GOAL OF THE EXERCISE: Retype the opening lines of the listing below, ending with the line that contains "ゴールドと結び目のようなデザインが高級感あるピアスです。", and leave out any pictures.

DATA EXCERPT:
----

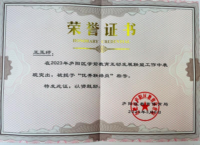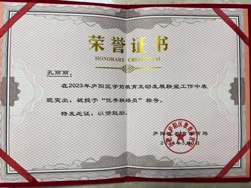 大西幼教育集团森林城分园孔丽丽作为“联络员”,积极配合落实上级部门相关工作,做到上传下达,分解落实每项工作,整理各项文件材料,精准传达、及时反馈。同时,经常到民办园所对其进行规范办园检查,对园所安全、食堂管理、保教活动、教职工权益、收费等方面给出科学、合理的指导。孔老师不管是在工作期间还是休息时间,都始终怀着热爱与责任之心,为大西幼联盟联络工作做好服务保障,充分发挥联盟纽带桥梁作用,有效地促进了联盟内幼儿园均衡发展。
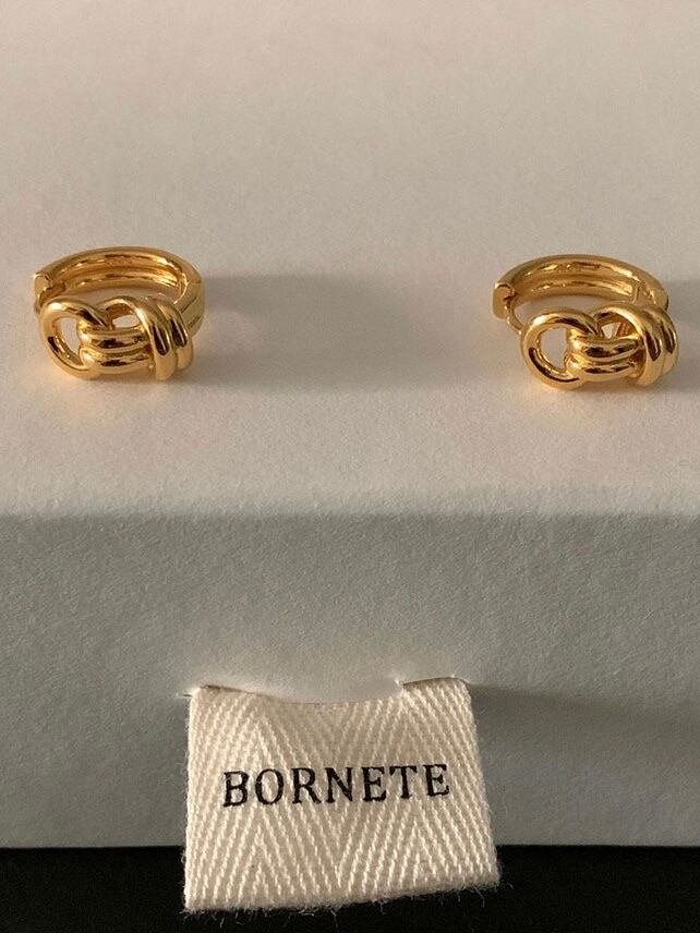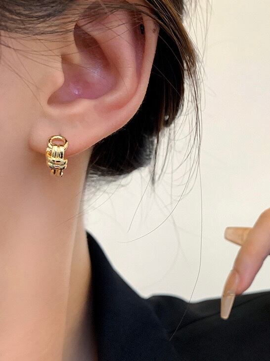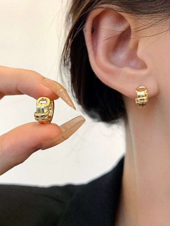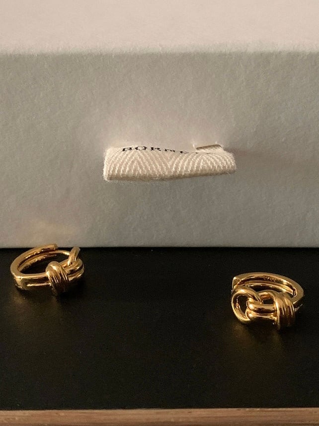 ゴールドと結び目のようなデザインが高級感あるピアスです。
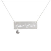 پلاک نقره مدل نوشته توخالی جان من است او داخل قاب مستطیل از جنس نقره به همراه با زنجیر نقره عیار 925

----

RESULT OF THE EXERCISE:
 大西幼教育集团森林城分园孔丽丽作为“联络员”,积极配合落实上级部门相关工作,做到上传下达,分解落实每项工作,整理各项文件材料,精准传达、及时反馈。同时,经常到民办园所对其进行规范办园检查,对园所安全、食堂管理、保教活动、教职工权益、收费等方面给出科学、合理的指导。孔老师不管是在工作期间还是休息时间,都始终怀着热爱与责任之心,为大西幼联盟联络工作做好服务保障,充分发挥联盟纽带桥梁作用,有效地促进了联盟内幼儿园均衡发展。
 ゴールドと結び目のようなデザインが高級感あるピアスです。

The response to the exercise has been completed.